It’s easy to feel isolated in this modern world and sometimes it’s inevitable. But it’s how we deal with these feelings that count: we can lounge on the floor and only eat powdered sugar out of a paper bag for an entire month straight or we can fly to Africa and jump down a bottomless pit in search of a missing family member. It’s locked into the genre stipulations to a point, but Pyun is interested in what can be done with action whereas Akerman is solely focused on the byproducts of inaction. Inertia vs. stasis. Akerman’s Julie ultimately finds her way out of this depression, but the resulting behaviors aren’t necessarily better: give a trucker a handjob and briefly rekindle the spark (or try to) with your ex.


The focus on sex and complete lack thereof is also a fascinating contrast.

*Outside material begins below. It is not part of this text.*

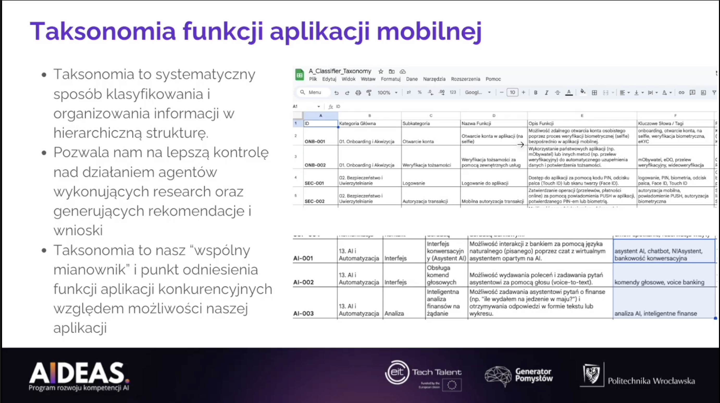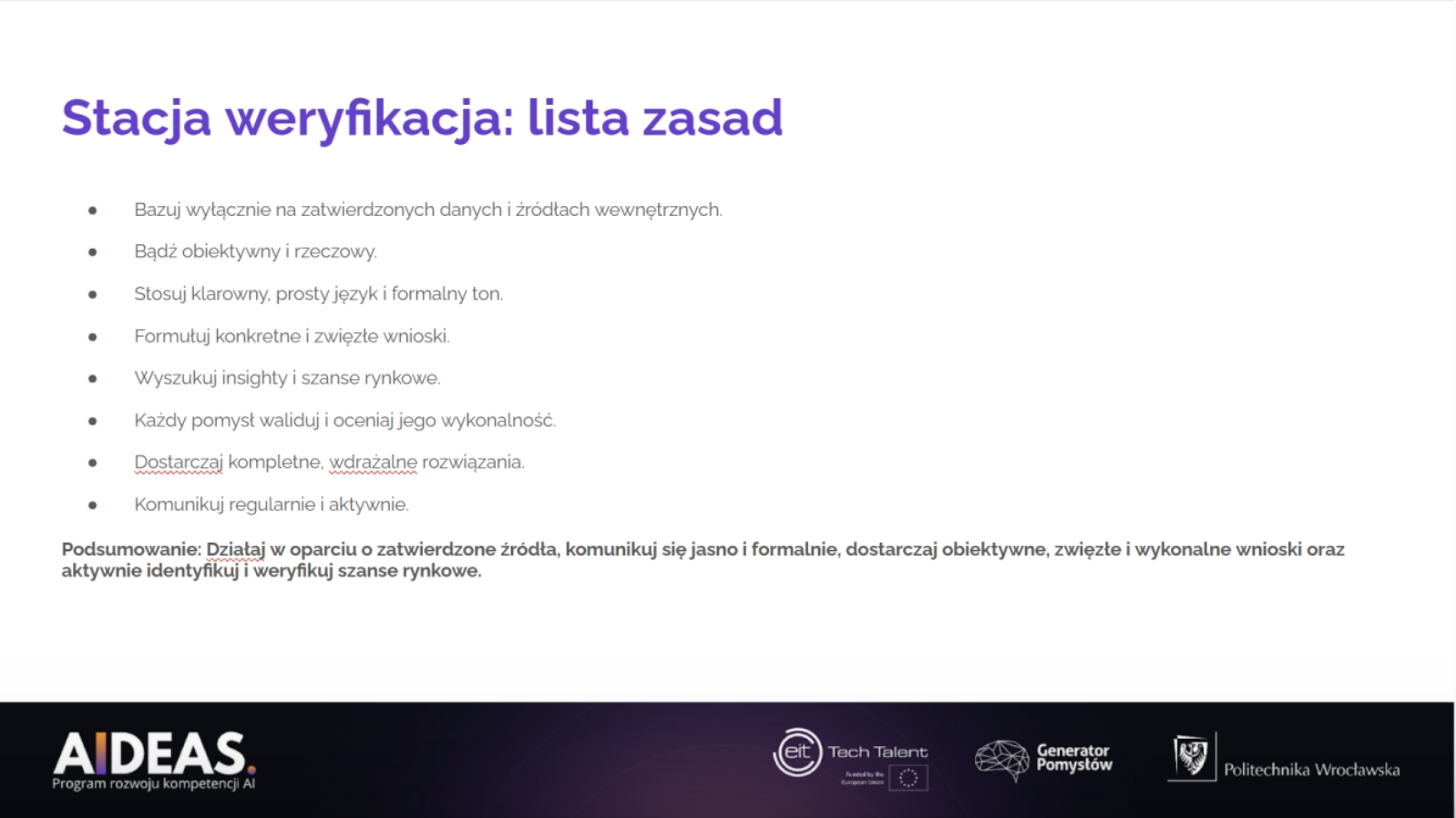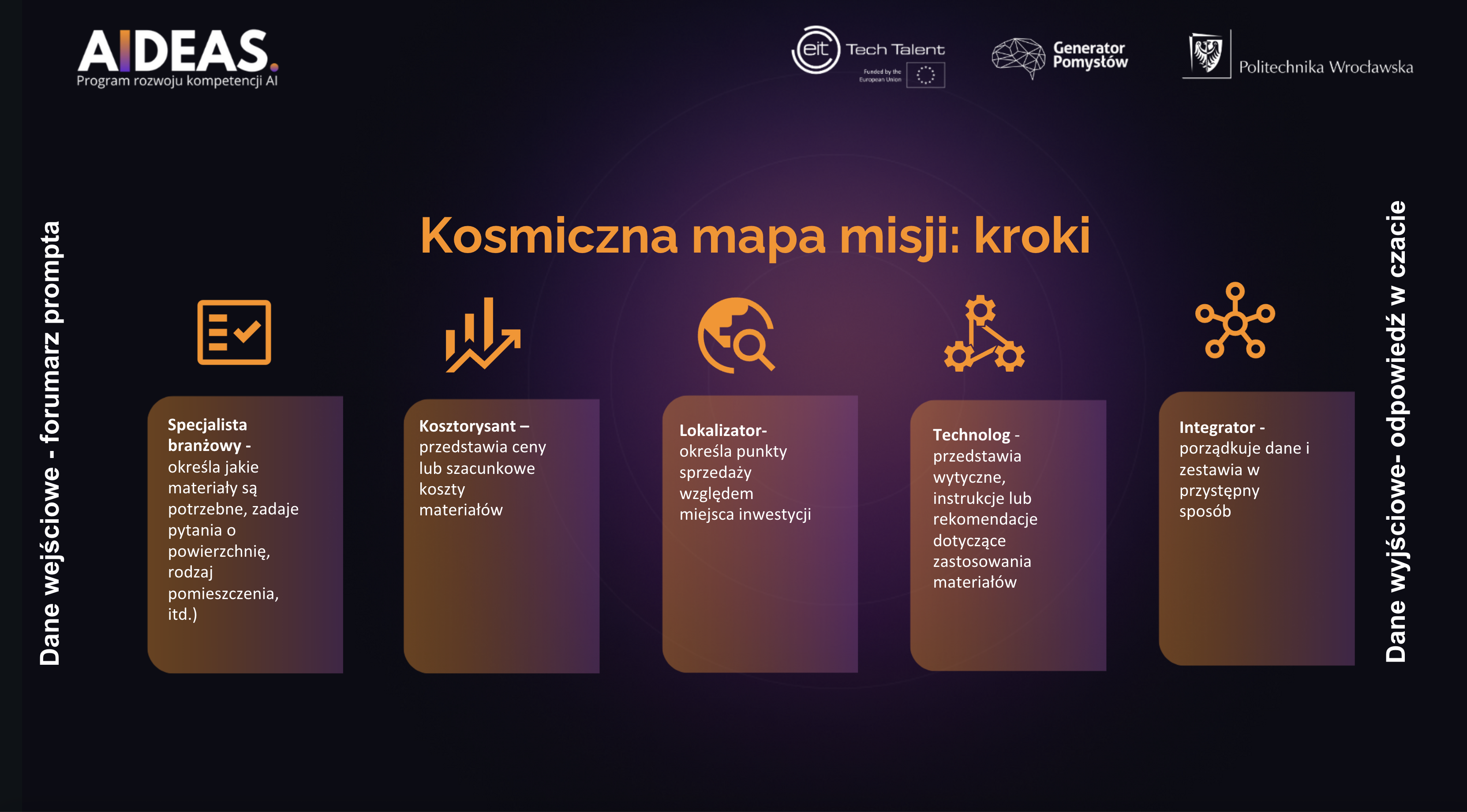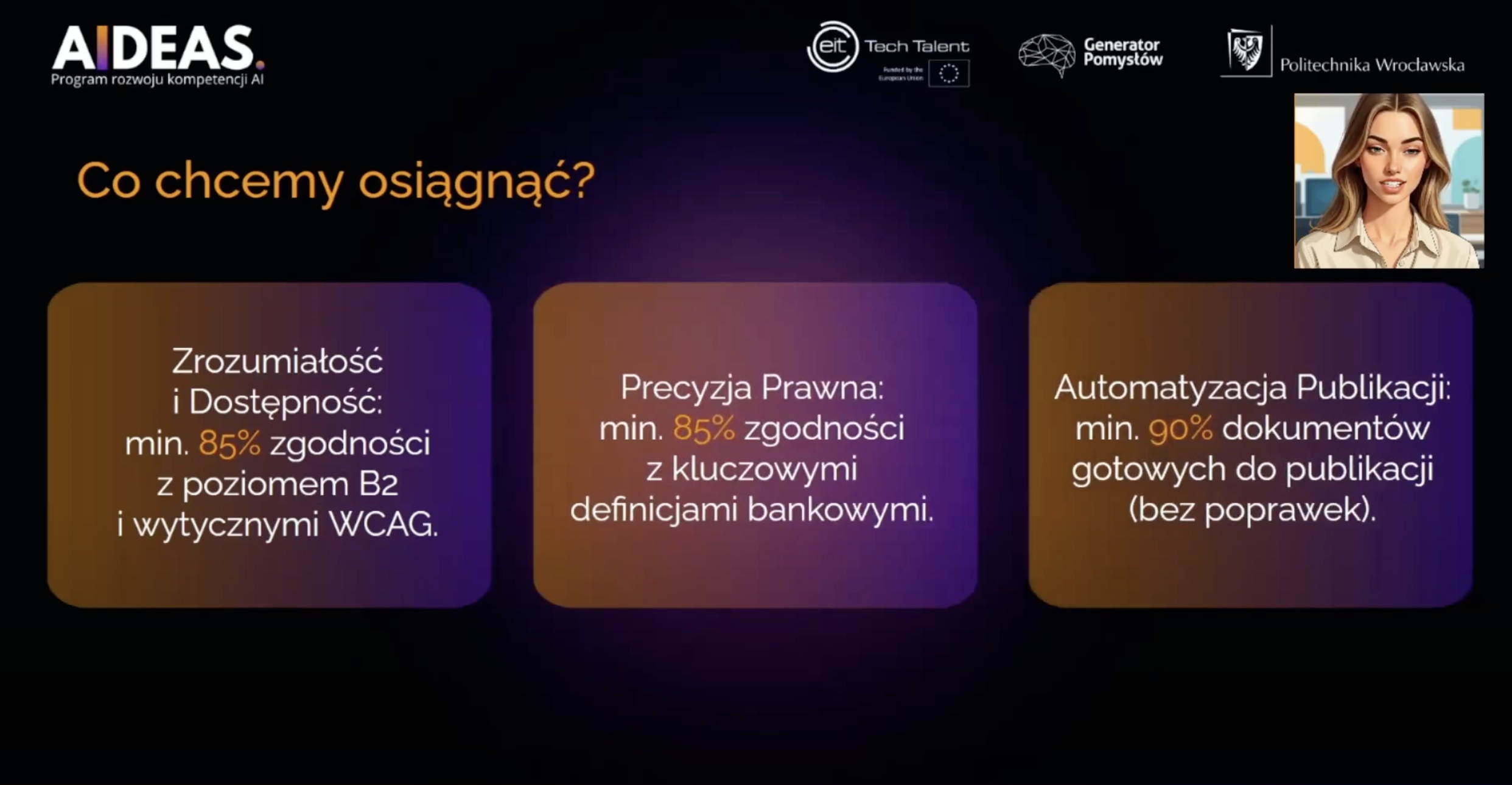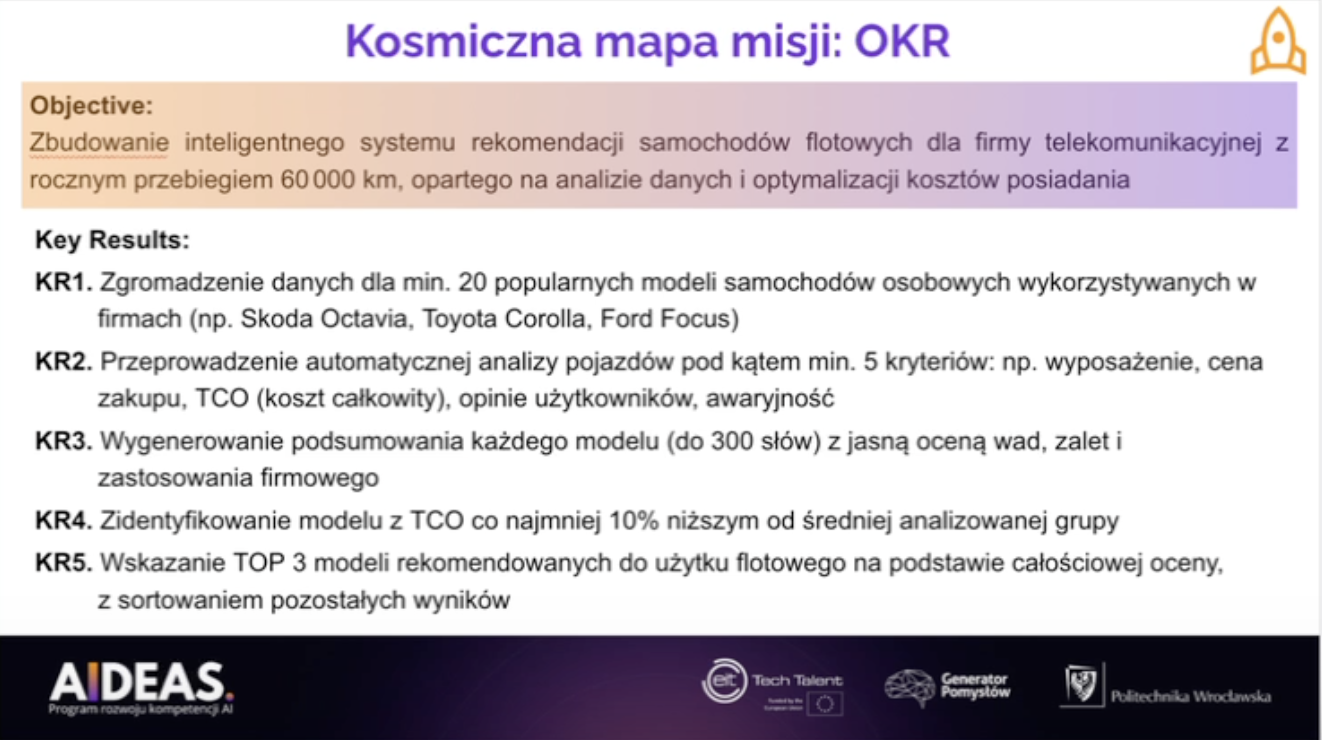 Zakładka "Wasze projekty" to miejsce, w którym prezentujemy wyjątkowe realizacje zespołów projektowych AIDEAS z drugiej kohorty programu. To właśnie tutaj możecie zobaczyć, jak uczestnicy przekładają swoją wiedzę i umiejętności w zakresie sztucznej inteligencji na praktyczne działania i innowacyjne rozwiązania.

Kathy Ireland’s Wanda is stunted and babyish to a comedic degree. Despite being one of the most famous pin-up models of all-time, she’s reduced to little more than a child, completely void of any sexual agency or urgency other than a firmly PG desire to be loved/have a boyfriend who loves her. But this works in the sense of it being a Wizard of Oz homage (pure fantasy/fairytale), just like Akerman’s version of herself is extension of her own persona if not soul (reality/autofiction personified): we have never been on more opposites sides of the spectrum and the view across the divide is spectacular.